Мастер считал только, что Джек слишком уж много читает, и порою со смехом спрашивал у него, кем он собирается стать - школьным учителем или священником. Но хоть он и подшучивал над мальчиком, чувствовалось, что он питает некоторое уважение к своему образованному ученику. Происходило это потопу, что сам папаша Рудик, помимо своей профессии, мало что знал; он читал, писал, как недоучка, что несколько смущало его с тех пор, как он стал мастером и женился на Клариссе.
Г-жа Рудик была дочерью артиллериста. Эта недурно воспитанная провинциальная барышня выросла в многодетной и небогатой семье, в которой каждому приходилось трудиться и проявлять бережливость. Вынужденная выйти замуж эа человека, который мало подходил ей по возрасту и по образованию, она тем не менее до сих пор питала к мужу спокойную и слегка покровительственную привязанность. Он же боготворил свою жену и был влюблен в нее, как бывают влюблены только в двадцать лет, он был готов лечь поперек ручья, лишь бы она не промочила ножек. Он любовался ею и с полным основанием находил, что ни у кого из мастеров нет такой хорошенькой и такой кокетливой жены: почти все его товарищи были женаты на плотных бретонках, которые уделяли больше времени хозяйству, нежели своим чепцам.
Клариссе были свойственны навыки и уменье девушки из небогатого дома, привыкшей своими руками вносить во все известную элегантность. После замужества она жила почти в полной праздности, зато - только благодаря своим ловким рукам - она красиво одевалась и красиво причесывалась, что особенно отличало ее от местных жительниц, походивших на монахинь, потому что они прятали волосы под плотными полотняными повязками и носили юбки, с прямыми складками, уродовавшими фигуру.
В доме Рудиков на всем лежал отпечаток некоторой изысканности. На окнах, как во всех бретонских домах, висели длинные кисейные занавески, зато мебель, которой было немного, сверкала чистотой, а на подоконнике стоял горшок базилика или красных левкоев. И когда вечером Рудик возвращался с завода, он всякий раз испытывал радостное чувство при взгляде на свой чистенький домик и на свою празднично одетую жену.

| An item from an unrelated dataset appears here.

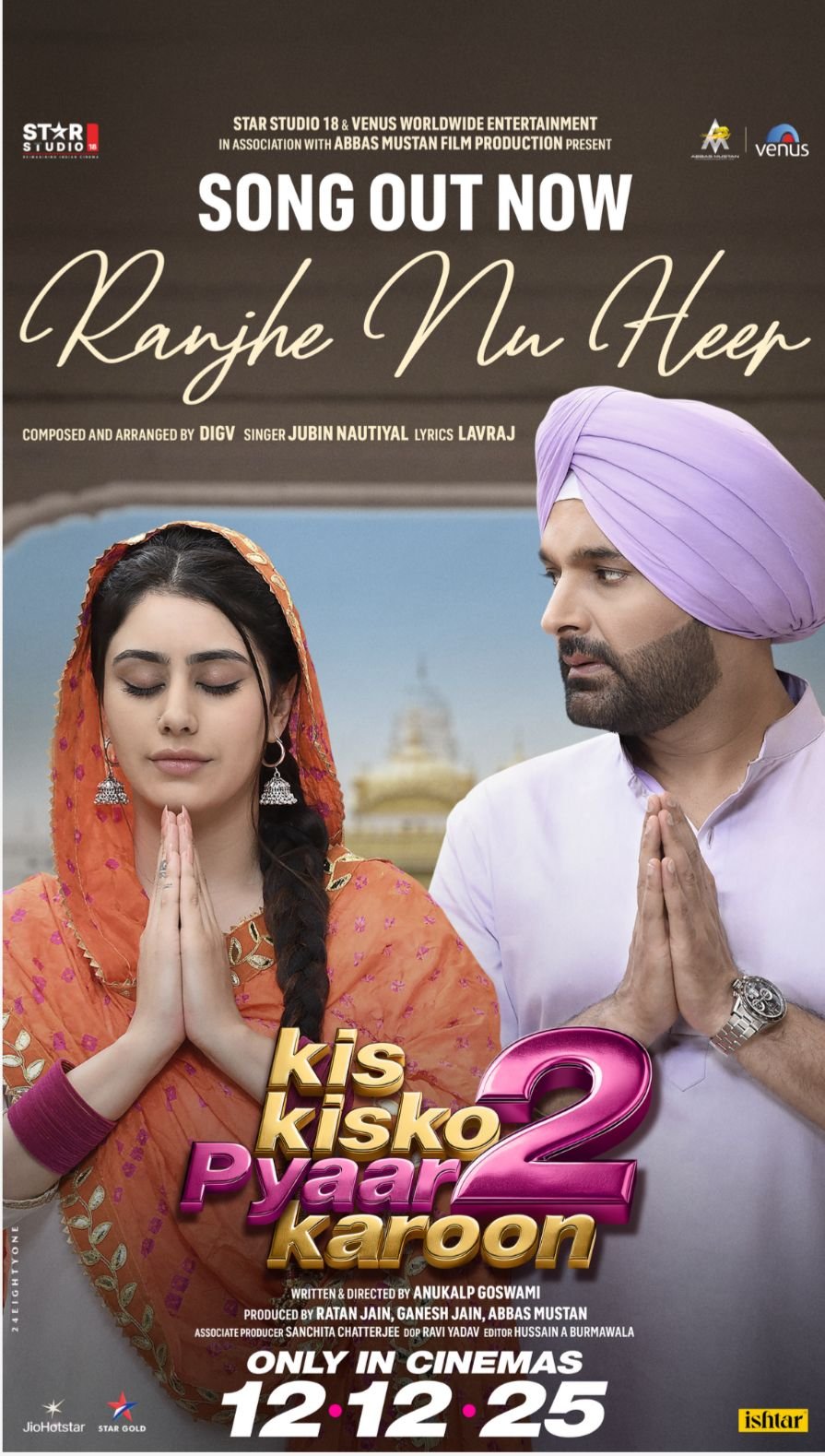 किस किसको प्यार करूं 2 के मेकर्स ने एल्बम का पांचवां और आख़िरी गाना रिलीज़ कर दिया है। इस बार तो खास सरप्राइज़ है, रोमांटिक फेवरेट ‘रांझे नू हीर’ का अनप्लग्ड वर्ज़न, जिसे खुद कपिल शर्मा ने अपनी आवाज़ दी है। इस नए अंदाज़ ने पहले से पसंद किए जा रहे गाने में इमोशन्स की एक और गहराई जोड़ दी है।फिल्म का म्यूज़िक एल्बम इसकी सबसे मज़बूत ताकत बनकर उभरा है, जहां हर गाना सीधे दिल से कनेक्ट करता दिखा है और श्रोताओं की प्लेलिस्ट का हिस्सा बन चुका है। इसी म्यूज़िकल सक्सेस को आगे बढ़ाते हुए, अनप्लग्ड वर्ज़न गाने को और भी निजी, सादा और दिल से निकला हुआ एहसास देता है, जो एल्बम के फिनाले को खास बना देता है।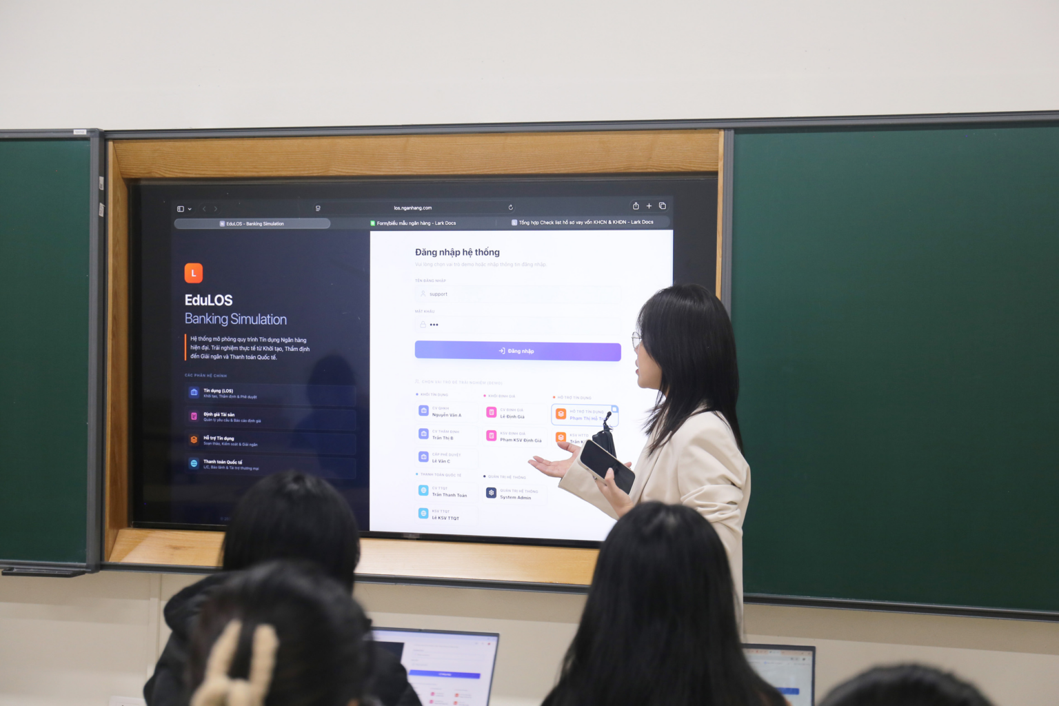 Tại Trường Kinh tế – Đại học Bách khoa Hà Nội, FTMI và UB Academy đã triển khai giải pháp mô phỏng đạt giải này để giúp sinh viên tiếp cận trực tiếp với hệ thống lõi ngân hàng. Thay vì chỉ học lý thuyết, sinh viên sẽ được “nhúng mình” vào môi trường số hóa thực tế, rèn luyện năng lực thực thi nghiệp vụ thông qua 2 học phần then chốt:

Он не задумывался над тем, отчего Кларисса и в будни сидит сложа руки, как в воскресенье, отчего, приготовив обед, она мечтательно смотрит вдаль, сидя у окна, вместо того чтобы приняться за шитье, как поступает хорошая хозяйка, которой не хватает дня, чтобы управиться с домашними делами.
В простоте душевной Рудик воображал, что жена прихорашивается для него, а в Эндре его все так любили, что ни у кого не хватало духа вывести его из заблуждения и объяснить, что всеми мыслями, всеми чувствами Клариссы завладел другой.
Много ли было правды в этих домыслах?
Те, кто любил посудачить на пороге своего дома, и те, кто с немыслимой быстротой разносил сплетни по маленькому городку, неизменно соединяли имя г-жи Рудик с именем Нантца.